Brute Forcing FLAC Apodization Chains

In Optimizing FLAC Audio Files for Production Hosting, we covered the things that can be practically1 done to maximize FLAC compression.

That isn't the end of the story, but it is the end of what a modern PC can hope to achieve within its owner's lifetime.

To push things any further, one would need access to Big Tech levels of computing power.

Or, as it happens, some really, really, really small audio files to work with…

Baa.

The three FLAC-encoded sound effects embedded within JS Mate Poe2 are extremely tiny.

As you can see from the above, subjecting them to all the rigmarole from the previous article isn't for nothing, but they aren't — and probably never will be — living their smallest possible lives.

The trouble is that FLAC's final advanced tunable — apodization function(s) — isn't just a list of choices, but a list of choices with parameters that can also be arbitrarily chained together up to thirty-two links deep!

And each one takes time to test.

Even for a less-than-a-second clip like Poe's baaaaa, the sun would burn out long before the near-infinite number of possible configurations could be exhausted.

But what the hell. It's cold outside. Let's try to make a dent!

Reconnoitering the Rim.

The reference encoder supports eighteen different apodization functions, but three of them are obsoleted and needn't be mentioned again:

  • bartlett
  • bartlett_hann
  • blackman
  • blackman_harris_4term_92db
  • connes
  • flattop
  • gauss(STDDEV)3
  • hamming
  • hann
  • kaiser_bessel
  • nuttall
  • rectangle
  • partial_tukey(N/OV/P) [obsolete]
  • punchout_tukey(N/OV/P) [obsolete]
  • subdivide_tukey(N/P)4
  • triangle
  • tukey(P) [obsolete]
  • welch

Apodization(s) affect compression in extremely complex and source-specific ways, but before we can marvel at the seeming randomness of it all, we need to come up with some reasonable constraints for the STDDEV, N, and P parameters in the list.

The number of tukey subdivisions (N) directly — and expontentially — impact encoding times, but any given frame can only be cut up so many times before the chunks become too small to work with. For these files, a range of 2..=64 includes almost every possibility,5 so let's make it so!

Tukey's P values don't have any direct impact on encoding time, so those are more a more straightforward question of scale. As much as I'd love to test every possible value of N a thousand times, my computer simply isn't fast enough. Hundredths it is!

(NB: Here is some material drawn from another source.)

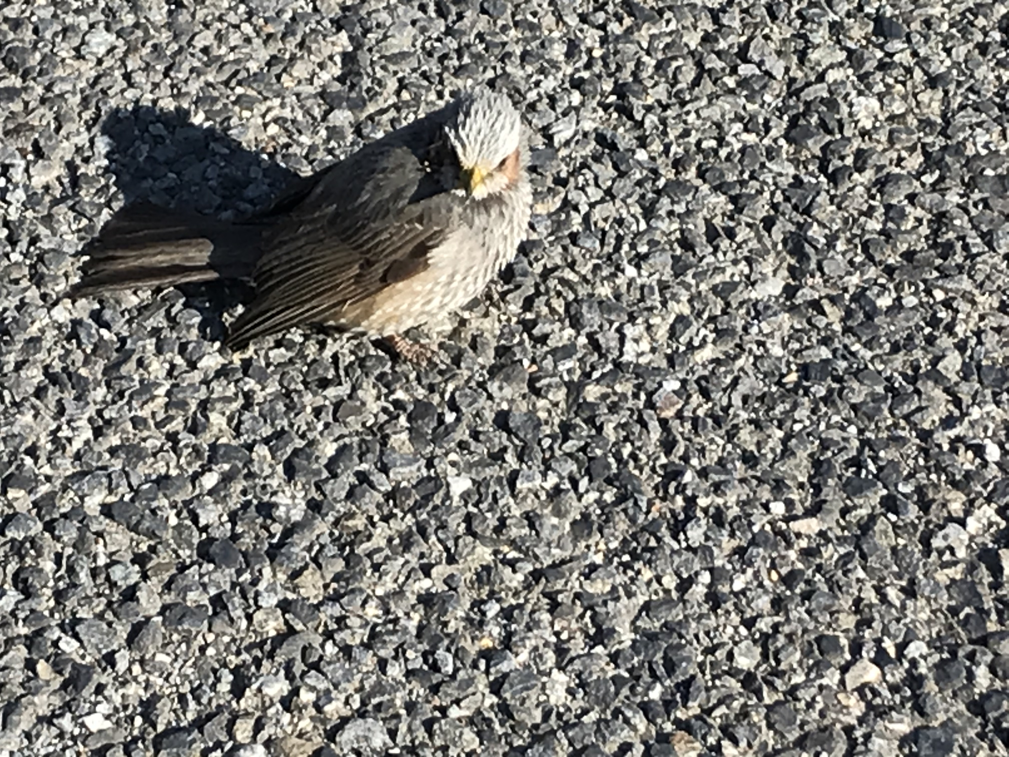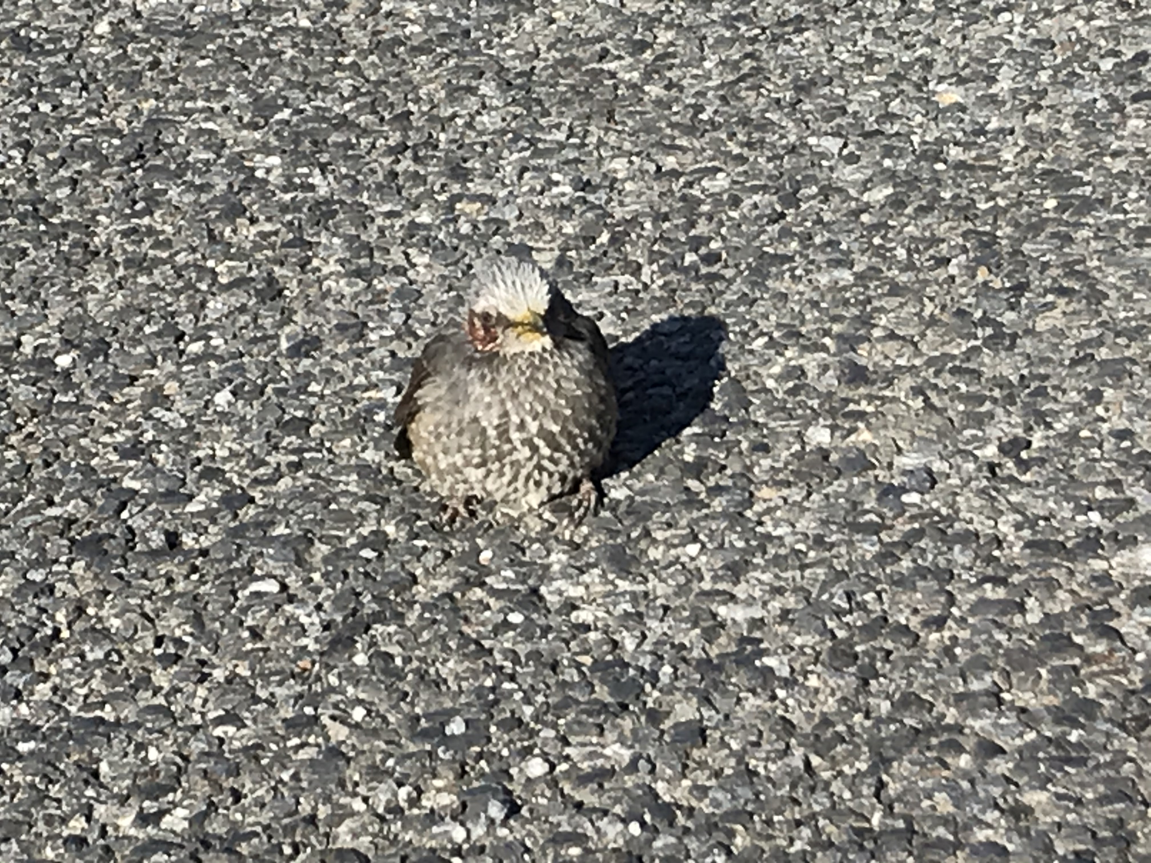 今朝出勤すると、駐車場の真ん中の陽当たりの良い場所に一羽の鳥が羽を休めていました。

For these particular files, gauss isn't all that useful. I kept it in the mix for the sake of completion, but capped its STDDEV precision to tenths.

And just like that, with a few minor concessions, we've cut a virtual-infinity down to a vaguely digestible list of 6,255 possibilities!

Let's get to work!

Ranking the Single Apodizations.

With 6,255 single apodizations to test — and more to do later — we'll need a bit more structure than the simple BASH loop used for Find the Block Size from the previous article.

Important

The ideal block size discovered by Find the Block Size should be incorporated into the apodization encoding commands.

We'll need to keep track of the output sizes, obviously, but as a favor to our future selves, we should also generate and track checksums for each file, because some apodizations will wind up making identical decisions as others.

(When multiple apodizations produce identical output — not just identical savings — we can exclude all but one of them from any further encoding efforts.)

It probably goes without saying that encoding any file more than six thousand times, even in parallel, will take a very long time.

Speaking from experience, you'll definitely want to make the process resumable! Haha.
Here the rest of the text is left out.